In the past five years, PAs have started considering (or debating, depending on your perspective) a professional/clinical doctorate as the next step in our post-professional journey. It’s about time, when you consider that 16.8% of newly certified PAs intend to pursue additional education or clinical training, according to a recent report from the National Commission on Certification of Physician Assistants.9

 

 

 

There are already a few doctoral programs for PAs.

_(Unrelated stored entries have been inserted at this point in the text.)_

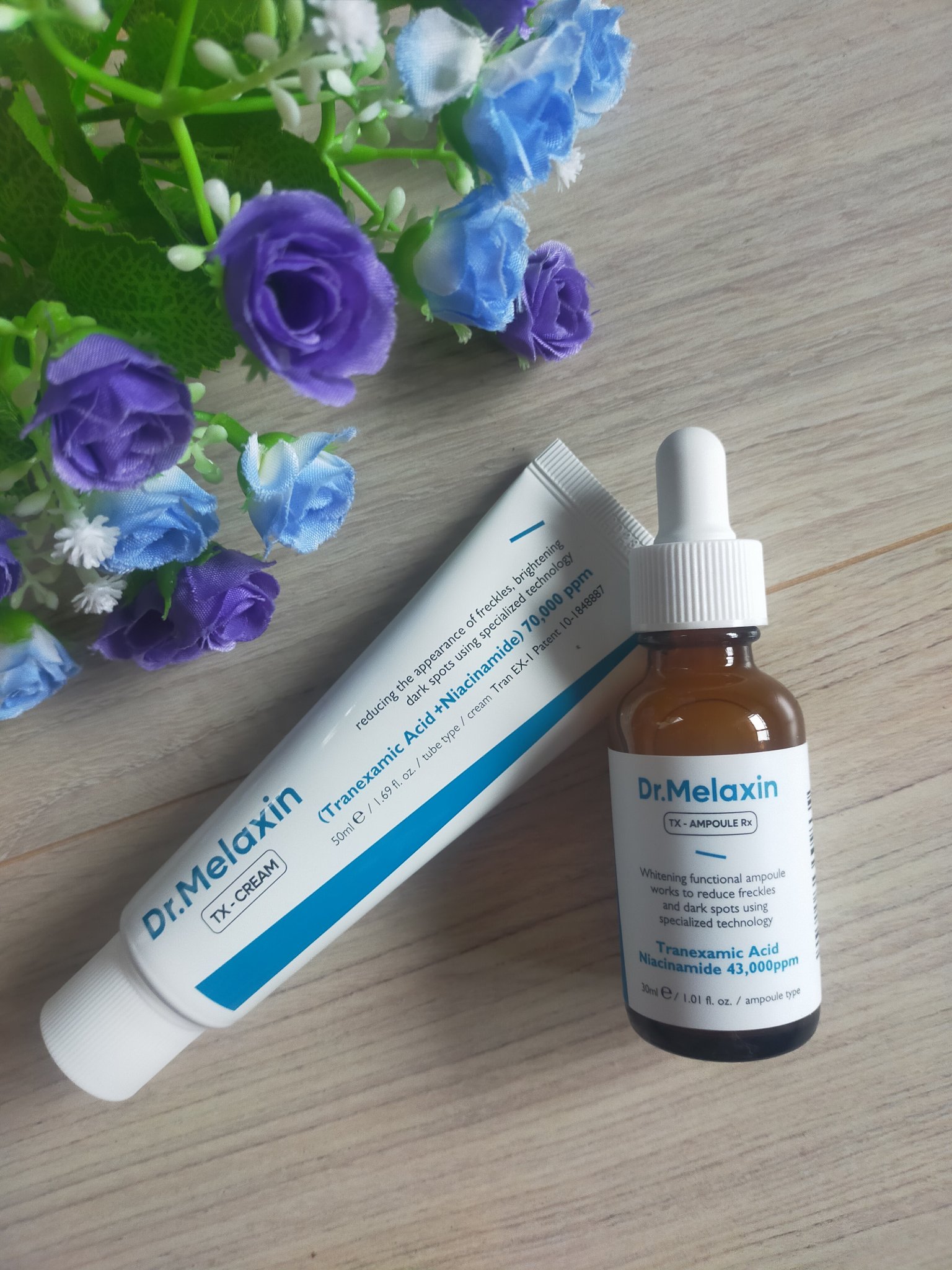 トラネキサム酸配合♪̊̈♪̆̈ Dr.Melaxin(ドクターメラクチン) TXアンプルRX+TXクリーム✨️ リポソーム化したナノトラネキサム酸でより浸透しやすくなっているのだとか🫶 ベトつかない さらっとしたテクスチャーで使いやすいです😌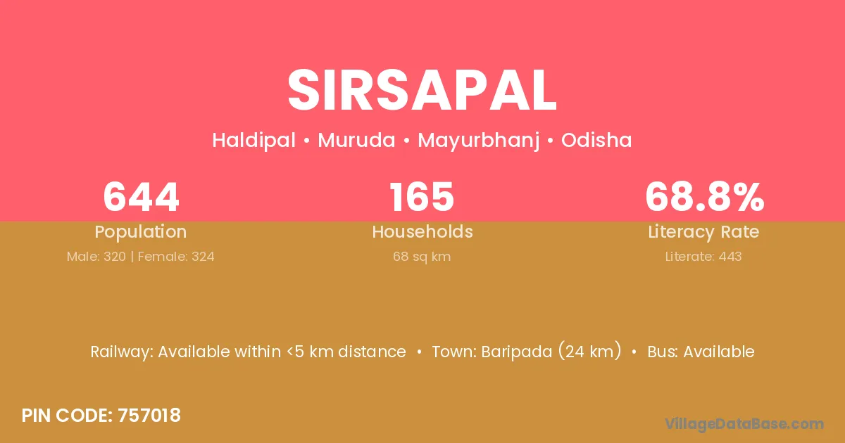 Baripada (24 km) is the nearest town to Sirsapal village for major economic activities and is located approximately 24 km away.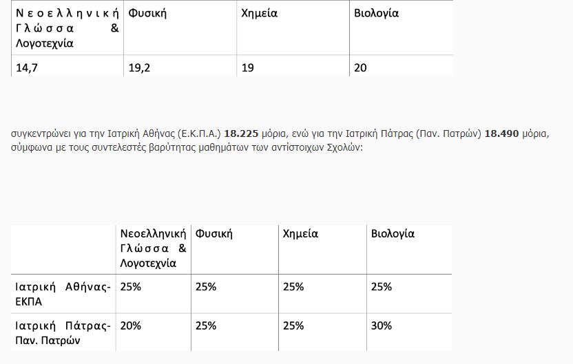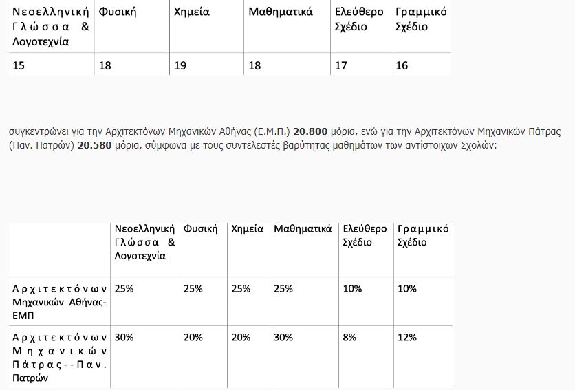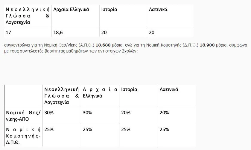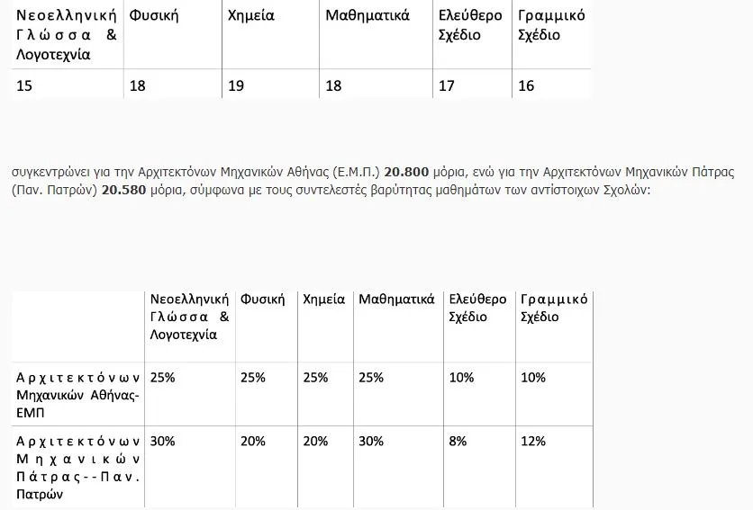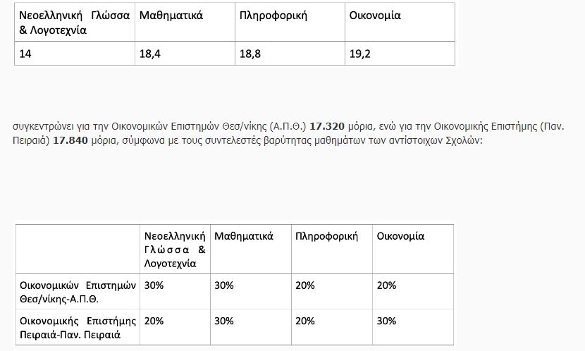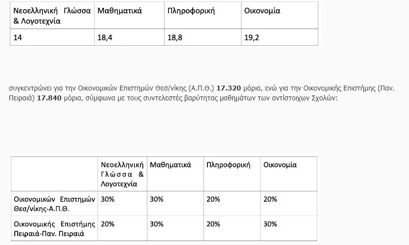 Δεδομένου του γεγονότος ότι οι συντελεστές βαρύτητας μαθημάτων, όπως τέθηκαν από τα Ιδρύματα, σε κάποιες περιπτώσεις διαφέρουν μεταξύ Σχολών, Τμημάτων ή Εισαγωγικών Κατευθύνσεων ιδίου γνωστικού αντικειμένου, ενδέχεται να προκύψουν διαφοροποιήσεις στον υπολογισμό των μορίων των υποψηφίων.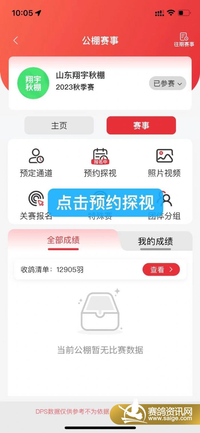 本公棚探視形式為現(xiàn)場(chǎng)探視,視頻探視和不探視,請(qǐng)參賽會(huì)員進(jìn)入DPS通道內(nèi)進(jìn)行探視報(bào)名,未報(bào)名則默認(rèn)為現(xiàn)場(chǎng)探視。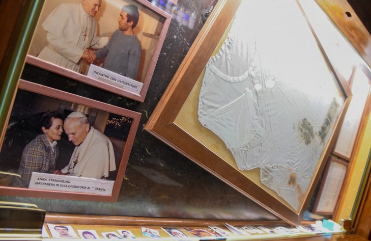 Infatti è difficile non ricordare come Giovanni Poalo II abbia immediatamente perdonato Mehmet Ali Ağca, il killer turco autore del gesto, pregando per lui pubblicamente con una registrazione audio diffusa in piazza San Pietro durante il Regina Coeli della domenica seguente all’attentato, e recandosi anche nel carcere di Rebibbia, il 27 dicembre 1983, per incontrarlo. “Questa è una lezione di vita molto grande per ciascuno di noi, perché molte volte non riusciamo a perdonare piccole cose e dinanzi alla testimonianza di questo grande papa, dovremmo rimanere solo in silenzio, commuovere il nostro cuore e rivedere i sentimenti più intimi che portiamo verso chi ci offende”, confessa suor Maria Rosaria Matranga che da sempre vede pellegrinaggi di fedeli per andare a visitare quella maglietta, anche pullman organizzati, spinti dal desiderio di pregare san Giovanni Paolo II e chiedere la grazia di una guarigione, per ristabilire la pace nelle famiglie o anche semplicemente per lasciare una loro fotografia come segno di vicinanza al papa. “Molti telefonano per affidare a noi le preghiere all’intercessione di Giovanni Paolo II”, aggiunge la superiora che, rispettando le regole anti Covid-19, spera di poter riaprire la chiesa Regina Mundi per l’anniversario dell’attentato,
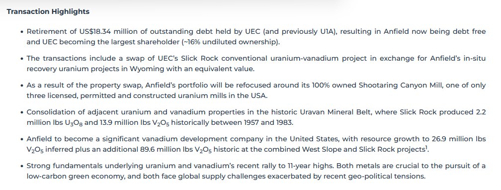 Anfield ist sich mit UEC über die Schuldentilgung einig geworden die Schulden hatte UEC noch von Rosatom übernommen als sie das US Geschäft übernommen haben.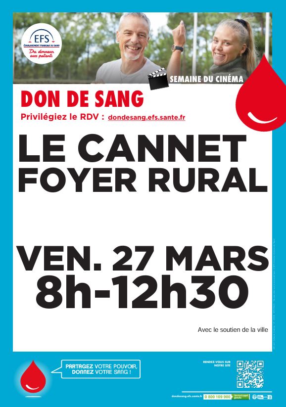 Vendredi 27 mars 2026 de 8h à 12h, collecte de sang par l’association des donneurs de sang aux grand et petit foyers.
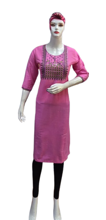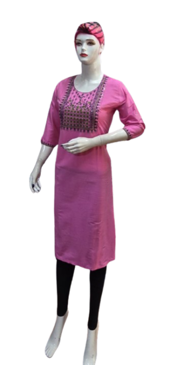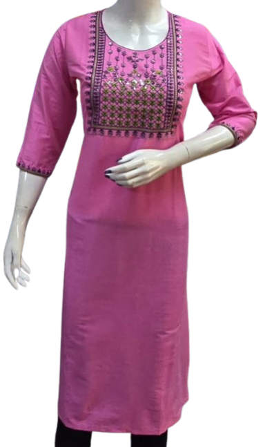Crafted with premium-quality fabric, it offers unmatched comfort and breathability, ensuring you feel as good as you look. The embroidery design enhances the aesthetic appeal, creating a stunning contrast against the kurti's base color, making it perfect for casual outings, festive celebrations, or office wear.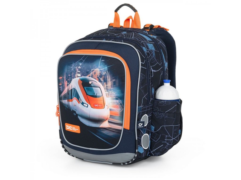 Ultarlehký dvoukomorový školní batoh Topgal nejen pro drobné prvňáčky s motivem rychlovlaku. Praktický tmavomodrý batoh vhodný pro všechny strojvůdce od 110 cm.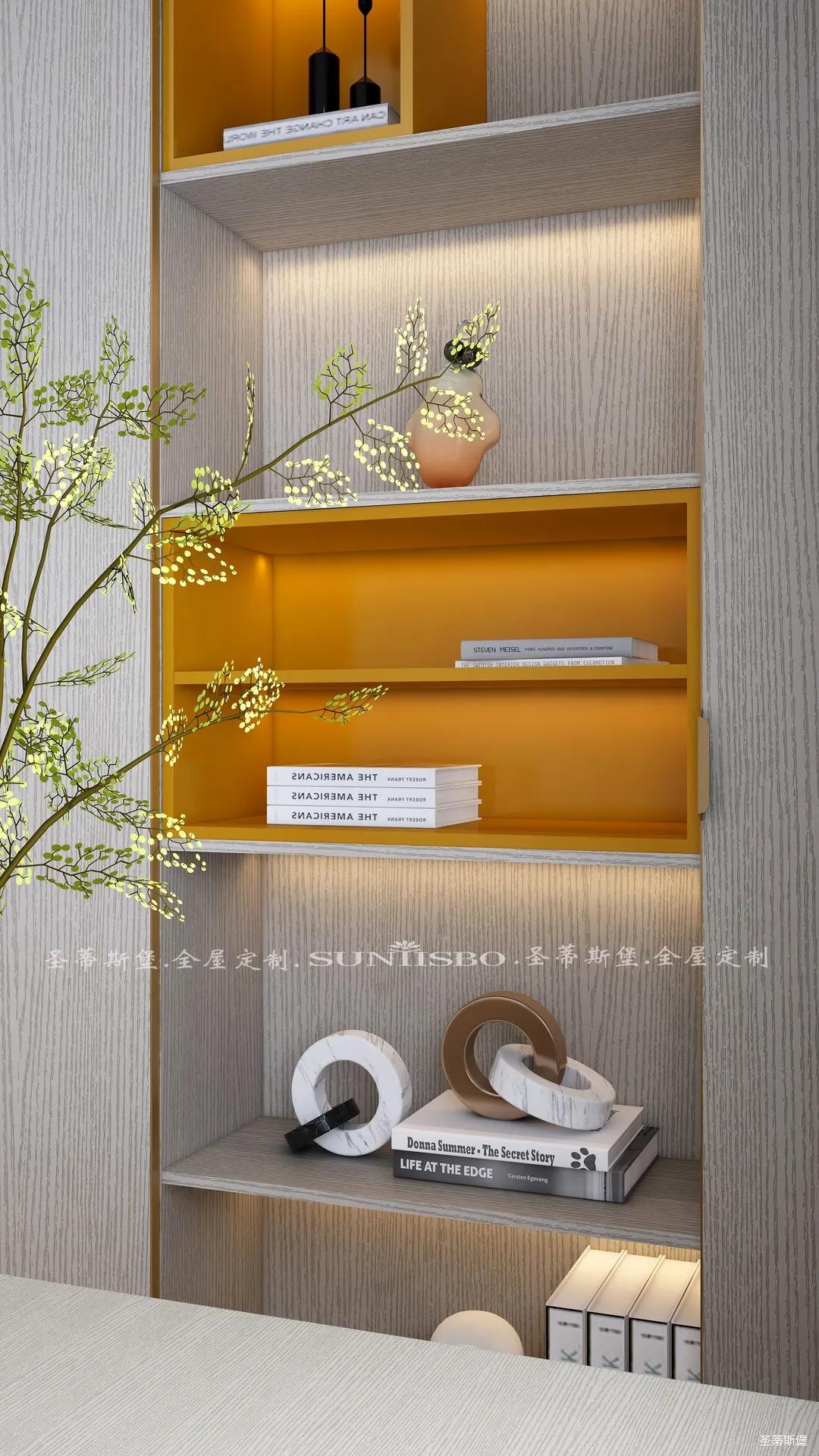 书柜点缀着适当的爱马仕橙,除了自身携带的高贵气质,在聚焦视线的同时,还明确了收纳分区。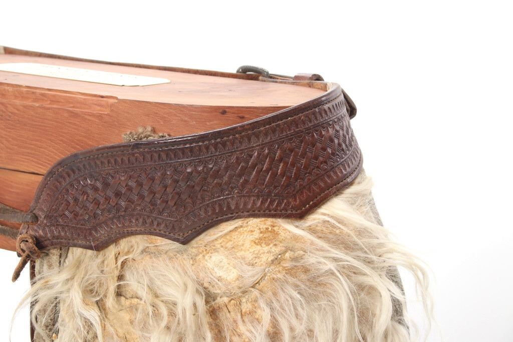 Featured in this lot is this Hermann Heiser Saddlery Co. angora wooly chaps circa 1880 - 1910. The chaps shows a wonderfully and professionally crafted leather and angora wool construction that shows with a basket woven tooled leather belt and shows soft angora wool construction. The stand is a shows a clear hardwood construction that shows a spiraling decoration and that shows wonderful craftsmanship and a plaque that reads as follows: "Wooly Chaps - Mfd by - Hermann Heiser Saddlery Co. - Denver Co. - ca 1880-1910." The condition of this pair of chaps is good with a slight wear to the belt sleeve and under the yoke but otherwise in good overall condition. The overall measurements of this pair of chaps is 38" x 16 1/2" x 7 1/2".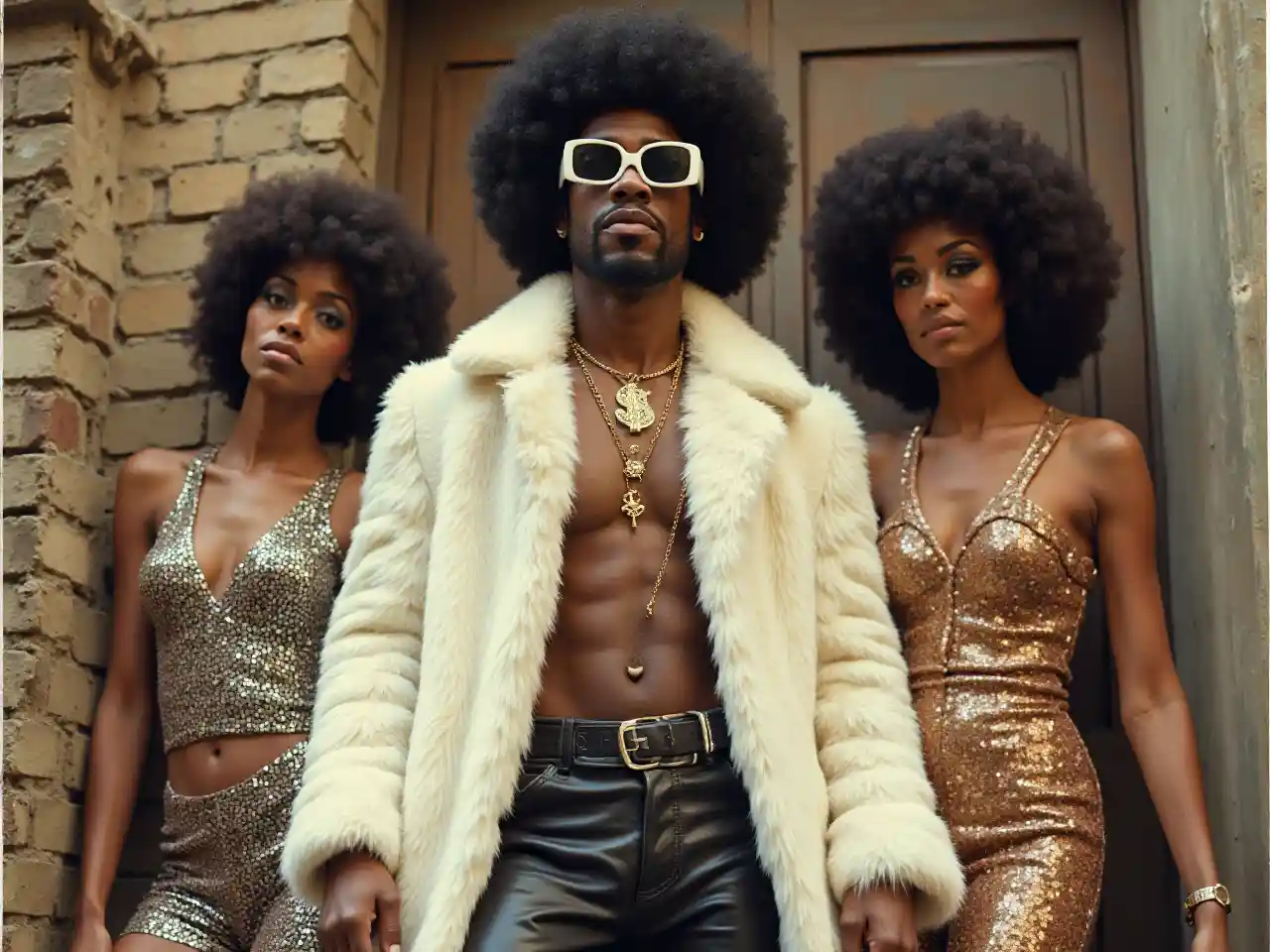 Une pochette d'album de funk des années 70 minable, un chanteur de funk noir mince et sérieux des années 70, un manteau de fourrure blanche, un grand africain, de grandes lunettes de soleil blanches, une chaîne en or avec un pendentif symbole de dollar en or, un pantalon en cuir, debout devant le mur de briques d'une ruelle délabrée, une grande femme vêtue d'une robe scintillante, avec des yeux noirs gonflés des deux côtés, le nom de l'artiste est SWEETBACK WILLIE, Titre de l'album: NATCH DADDY

Among the earliest clinically focused doctorate programs was the US Army/Air Force-Baylor DScPAS-EM program, designed to educate military PAs at the doctoral level upon completion of an 18-month emergency medicine residency.10 Lincoln Memorial University has a Doctor of Medical Science (DMS) program, comprised of one year of online advanced clinical medicine coursework and one year of online coursework focused on primary care, hospital medicine, emergency medicine, or education.11 And Lynchburg College in Virginia has just launched a post-professional doctoral program for PAs; this DMS program includes a clinical fellowship, as well as coursework in leadership training, health care management and law, organizational behavior, disaster medicine, and global health.12

While not strictly created for PAs, the Doctor of Health Science programs at Nova Southeastern University and A.T. Still University have been educating PAs at the doctoral level for more than 10 years.13,14 Later this year, A.T. Still University plans to introduce a post-professional Doctor of Physician Assistant Studies that will provide a pathway for PAs wishing to become leaders and scholar-practitioners, develop core leadership abilities, and/or enter PA education without the location-specific requirement of a clinical or academic residency.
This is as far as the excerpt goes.